We further investigated the distribution of breadths of coverage at each per-locus target depth and human reference genome assembly versions (Fig. 3). The median across all genes for global mean breadth of coverage at 20 × was 93.3%; that is, for majority of CCDS genes, 93.3% of gene was covered by 20 or more reads on average exomes. Due, in part, to the older design of exome capture targets in the 1KGP exomes, the breadth of coverage values in WEScover are better be taken as lower bounds. The trends of distribution were consistent across genome assembly versions in spite of the differences between CCDS releases. Of note, genes with very low (< 10%) mean breadth of coverage were observed across all cases, even at low depths such as 5 × or 10x, suggesting that the exome capture targets for 1KGP did not cover all genes and their exons in the CCDS releases that we used in WEScover. These genes can be easily identified by checking coverage metric values from gnomAD exomes. If a gene is sufficiently covered by more recent exome data, it would have good coverage value among gnomAD exomes. Thus, WEScover shows both the mean gnomAD coverage metric and coverage plot over exons of the gene. We encourage users to check gnomAD browser for the genes with suboptimal coverage in WEScover before committing to gene panel testing.
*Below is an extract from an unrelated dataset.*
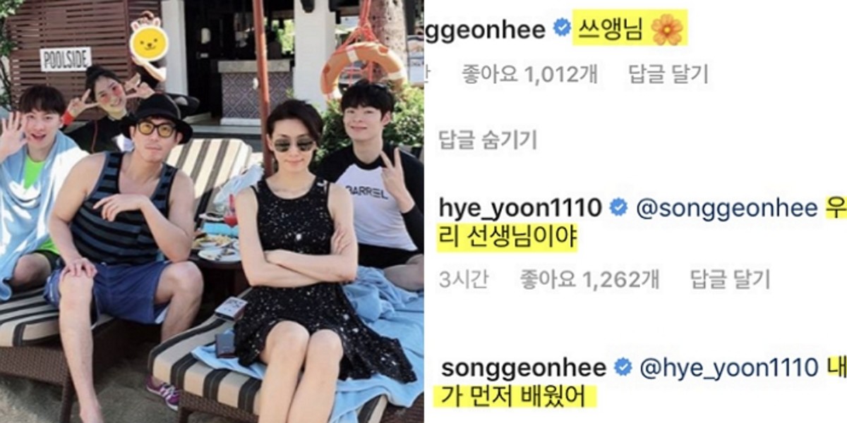 해당 게시물이 업로드되자 송건희는 "쓰앵님"이라는 댓글과 분홍색 꽃 모양의 이모티콘을 달며 넘치는 애정을 뽐냈다.

There are two limitations of utilizing WEScover. Firstly, the breadth of coverage value (as well as gnomAD coverage metric) is not normalized for the factors generally contributing to exome coverage such as sequence context and GC contents. Such factors vary widely between genes and comparison of the values for one gene with another is beyond the proposed use of WEScover. Secondly, WEScover focuses on gene-level breadths of coverage and does not provide ways to search for specific variants and regions within genes.
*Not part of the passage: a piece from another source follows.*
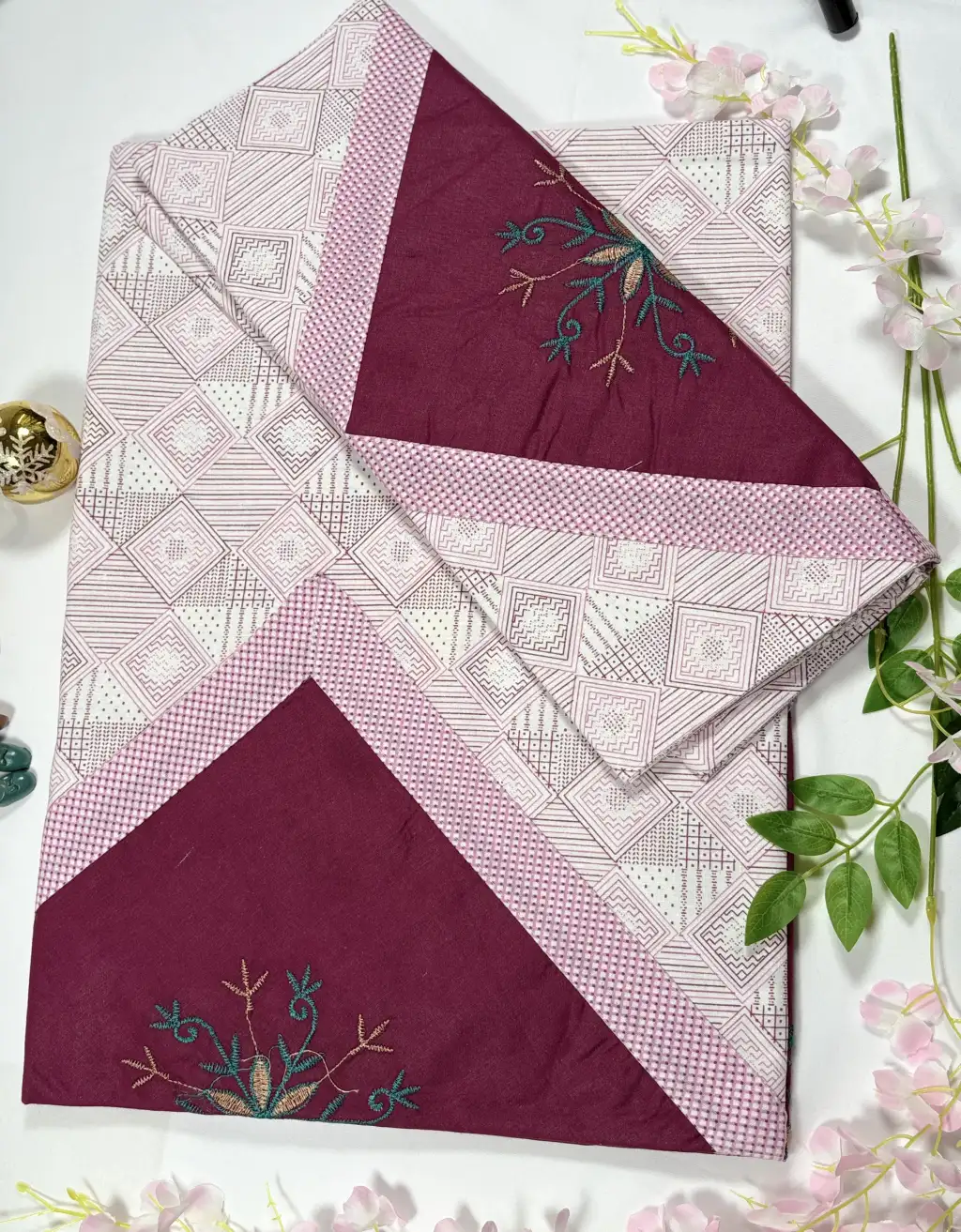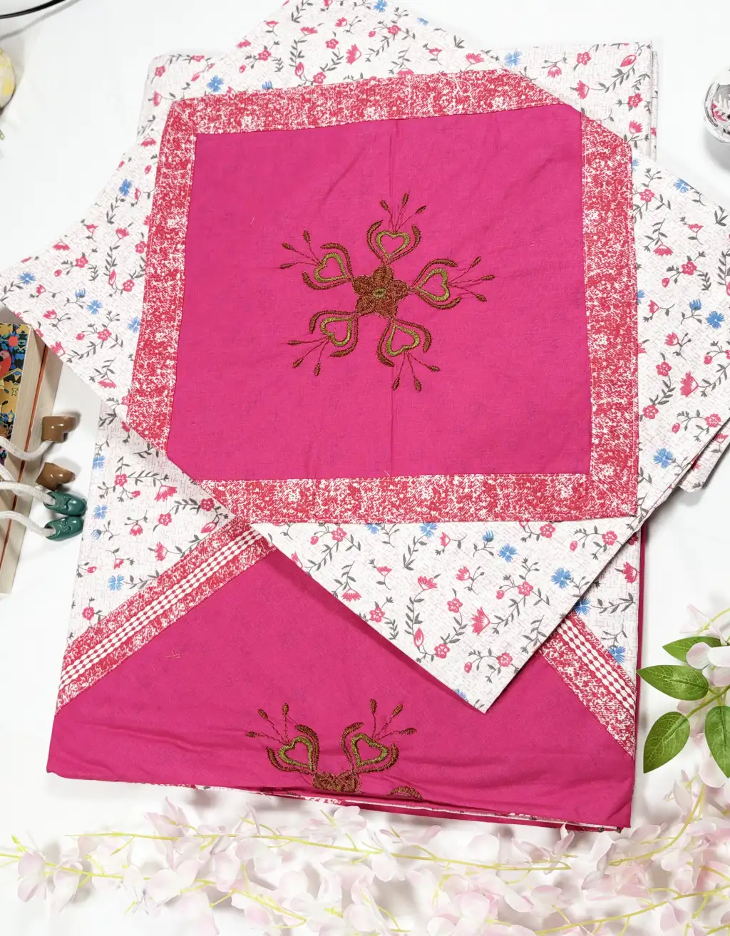 The matching pillow covers complete the coordinated appearance, making this set ideal for gifting, festive décor, or transforming your home with a touch of heritage craftsmanship. Durable, easy to maintain, and visually striking, this embroidered patchwork bedsheet set brings beauty, comfort, and artistry together in one perfect package.

WES and WGS provide comprehensive evaluation of diverse types of genomic variants in various conditions. However, users must be informed regarding possible false negatives due to incomplete breadth and depth of coverage, ideally from sequencing vendors. In such cases, a targeted gene panel test should be considered as a primary choice over the others. WEScover can guide users as to whether WES is appropriate for testing the genes of interest. Considering that many laboratories, especially clinical testing facilities, are slow in transition from the previous genome build (GRCh37), WEScover supports coverage summary for both GRCh37 and GRCh38. Together with information from GTR, which provides transparent and comprehensive list of genetic tests with indications, users can make an informed decision for testing genes prior to ordering genetic tests in clinical settings.
Availability and requirements
Project name: WEScover.
Project home page: https://tom.tch.harvard.edu/shinyapps/WEScover/
Project source code: https://github.com/bch-gnome/WEScover
Operating system: Platform independent.
Programming language: R Shiny.
Other requirements: WEScover requires the following R packages: shiny, shinythemes, DT, ggplot2, shinyjs, shinyBS, reshape2, RColorBrewer, fst, data.table, wiggleplotr, patchwork, ggpubr, dplyr and corrplot.
Any restrictions to use by non-academics: None.
Availability of data and materials
Breadth of coverage data stratified by continent-level populations from 1000 Genomes Project (either in GRCh37 or GRCh38) are available for downloading on https://tom.tch.harvard.edu/shinyapps/WEScover/ under the ‘Data’ tab.
Whole exome sequencing
Whole genome sequencing
Genome aggregation database
Genetic testing registry
Consensus coding sequence
1000 Genomes project
Human phenotype ontology
Stavropoulos DJ, Merico D, Jobling R, Bowdin S, Monfared N, Thiruvahindrapuram B, Nalpathamkalam T, Pellecchia G, Yuen RKC, Szego MJ et al: Whole genome sequencing expands diagnostic utility and improves clinical management in pediatric medicine. NPJ Genom Med 2016, 1.
Wang J, Gotway G, Pascual JM, Park JY. Diagnostic yield of clinical next-generation sequencing panels for epilepsy. JAMA Neurol. 2014;71(5):650–1.
Chong JX, Buckingham KJ, Jhangiani SN, Boehm C, Sobreira N, Smith JD, Harrell TM, McMillin MJ, Wiszniewski W, Gambin T, et al. The genetic basis of mendelian phenotypes: discoveries, challenges, and opportunities. Am J Hum Genet. 2015;97(2):199–215.
Kong SW, Lee IH, Liu X, Hirschhorn JN, Mandl KD. Measuring coverage and accuracy of whole-exome sequencing in clinical context. Genet Med. 2018;20(12):1617–26.
Meienberg J, Zerjavic K, Keller I, Okoniewski M, Patrignani A, Ludin K, Xu Z, Steinmann B, Carrel T, Rothlisberger B, et al. New insights into the performance of human whole-exome capture platforms. Nucleic Acids Res. 2015;43(11):e76.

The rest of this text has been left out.